- **Description of the task**: Reproduce the listing below exactly, beginning with its first line and ending with the line that holds "Según la Encuesta"; pictures are not part of the copy.

- **Input for this task**:

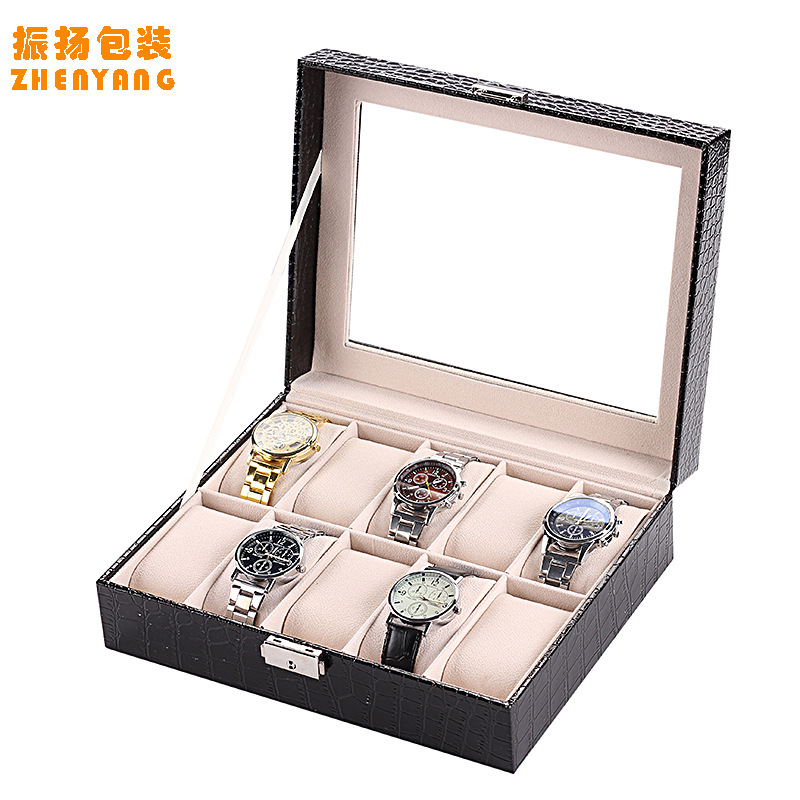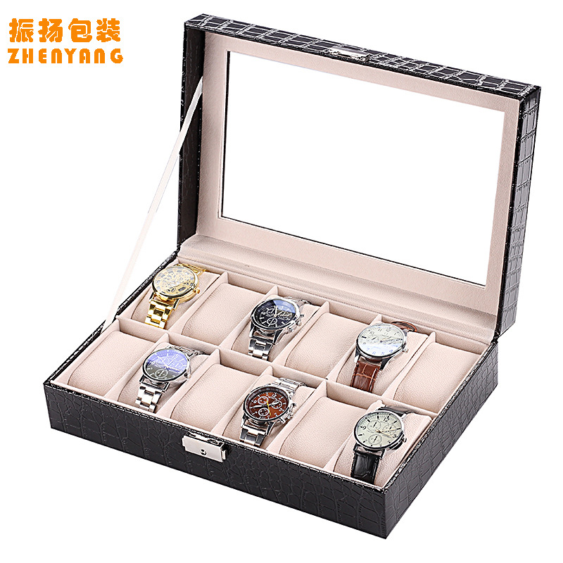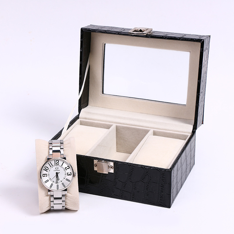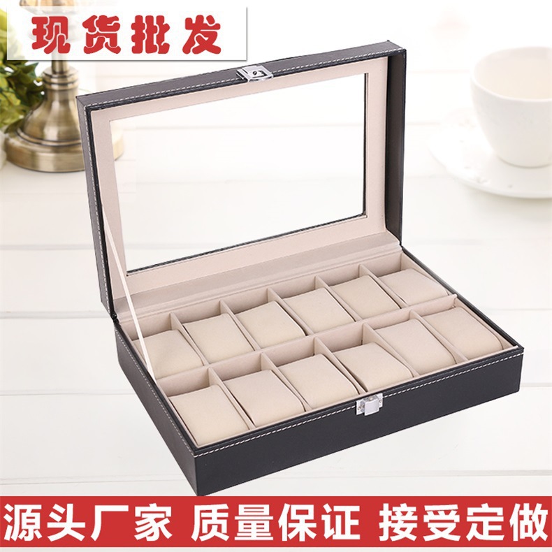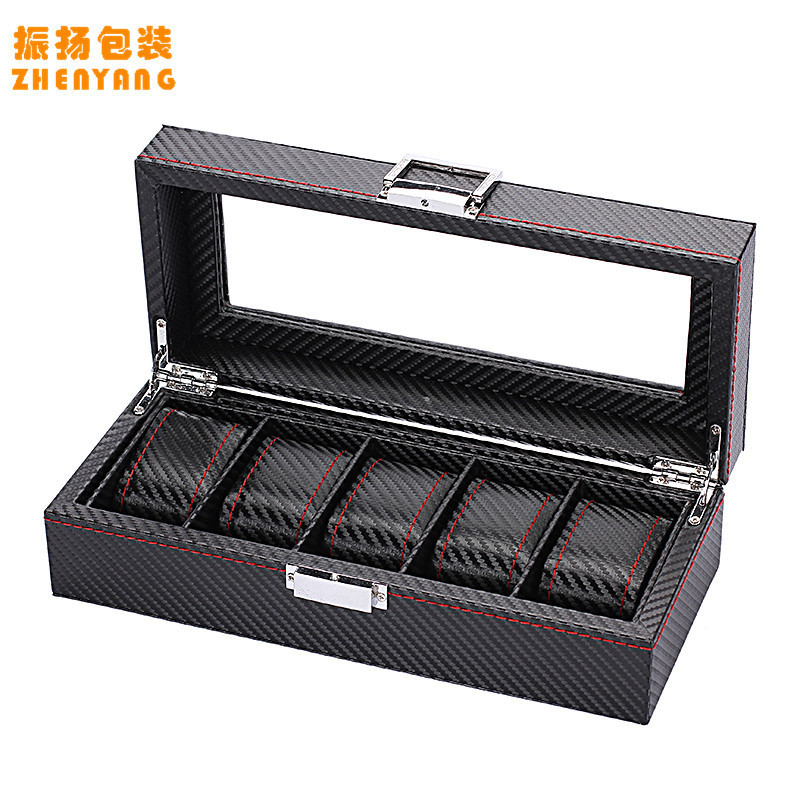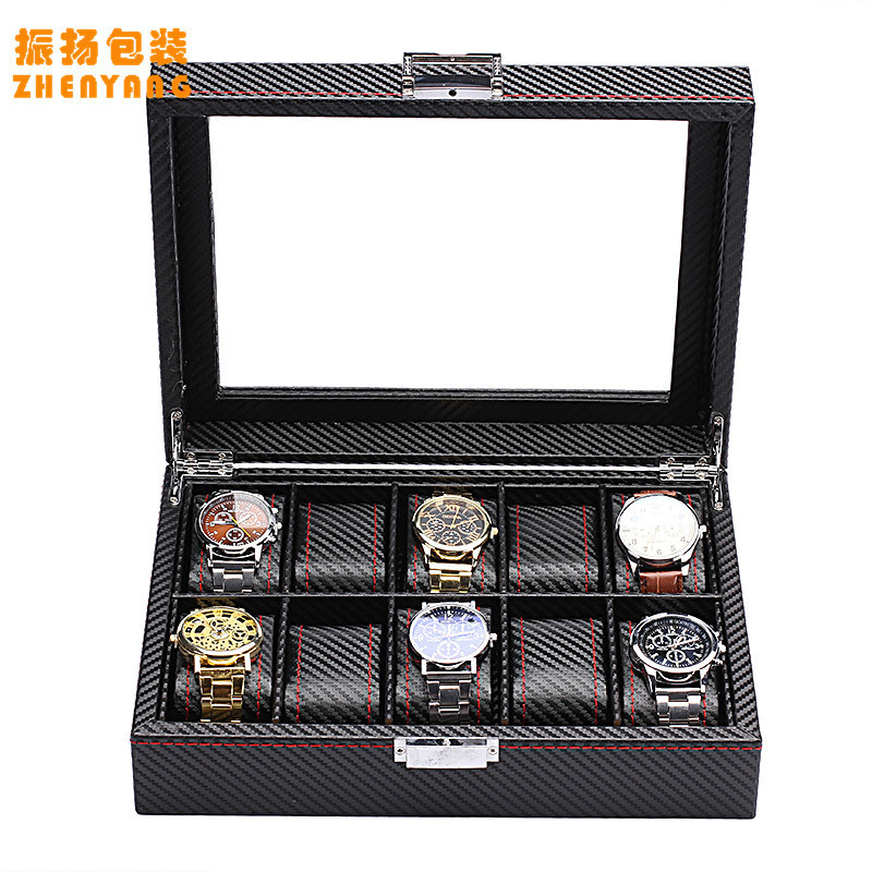 跨境高级感碳纤维手表盒收纳盒透明开窗手表包装盒展示盒厂家批发
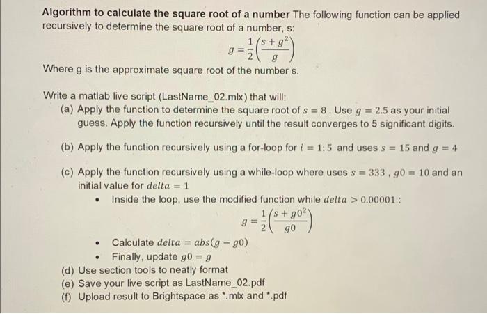Solved For the algorithm to compute the square root of a | Chegg.com
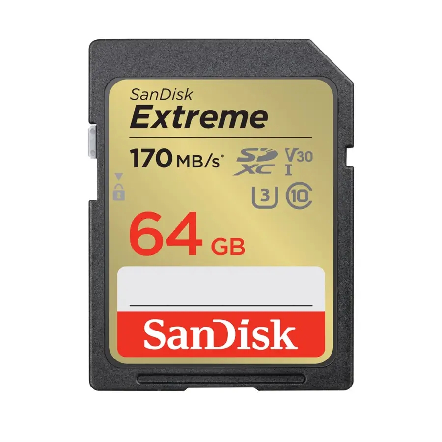 - SanDisk SDXC Extreme 64GB Class 10, UHS-I U3 V30, R: 170MB/s, W: 80MB/s
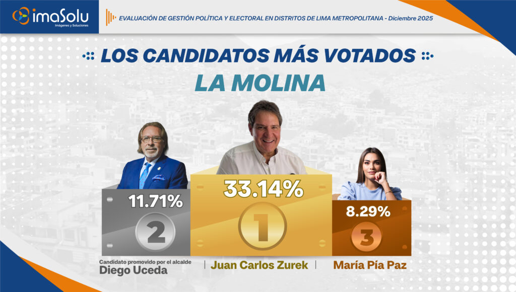 Según la Encuesta de elecciones Lima 2026 de IMASOLU, aplicada en diciembre de 2025, se identifican los tres primeros lugares de intención de voto en el distrito de La Molina (LM). De acuerdo con los resultados, Juan Carlos Zurek concentra 33.14% de las preferencias, seguido por el candidato promovido por el alcalde Diego Uceda con 11.71%, mientras que María Pía Paz alcanza 8.29%.
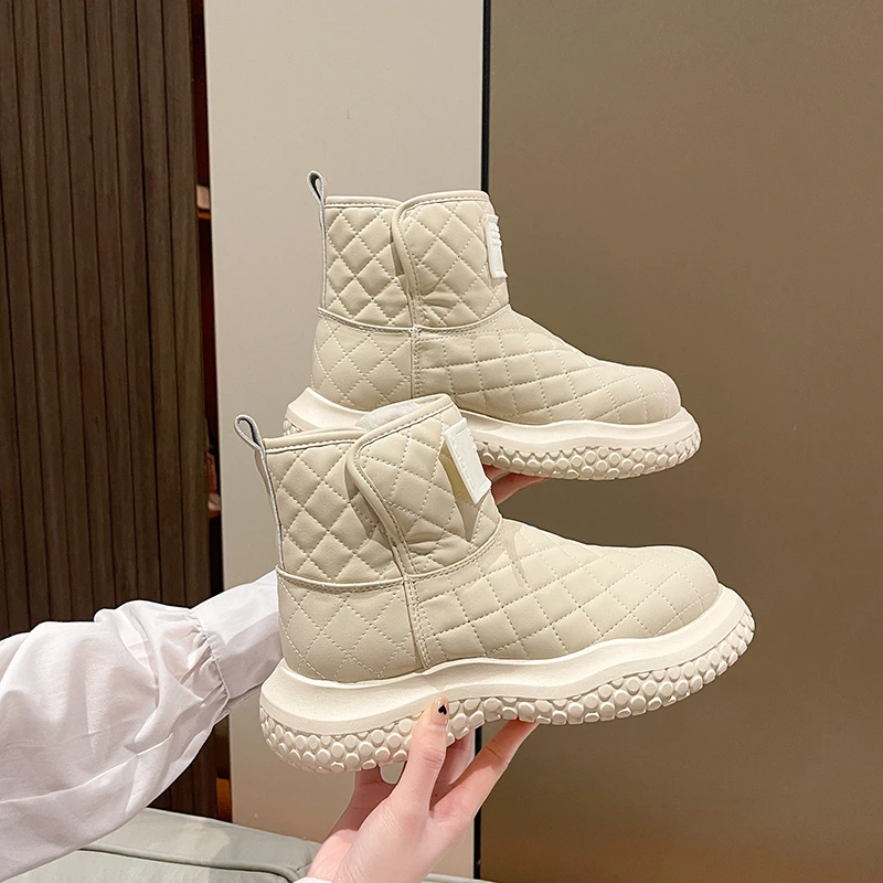 Модные белые женские сапоги из натуральной кожи, зимние плюшевые теплые сапоги из хлопка, новые удобные повседневные сапоги на толстой подошве

- **Solution**:
 跨境高级感碳纤维手表盒收纳盒透明开窗手表包装盒展示盒厂家批发
Solved For the algorithm to compute the square root of a | Chegg.com
 - SanDisk SDXC Extreme 64GB Class 10, UHS-I U3 V30, R: 170MB/s, W: 80MB/s
 Según la Encuesta de elecciones Lima 2026 de IMASOLU, aplicada en diciembre de 2025, se identifican los tres primeros lugares de intención de voto en el distrito de La Molina (LM). De acuerdo con los resultados, Juan Carlos Zurek concentra 33.14% de las preferencias, seguido por el candidato promovido por el alcalde Diego Uceda con 11.71%, mientras que María Pía Paz alcanza 8.29%.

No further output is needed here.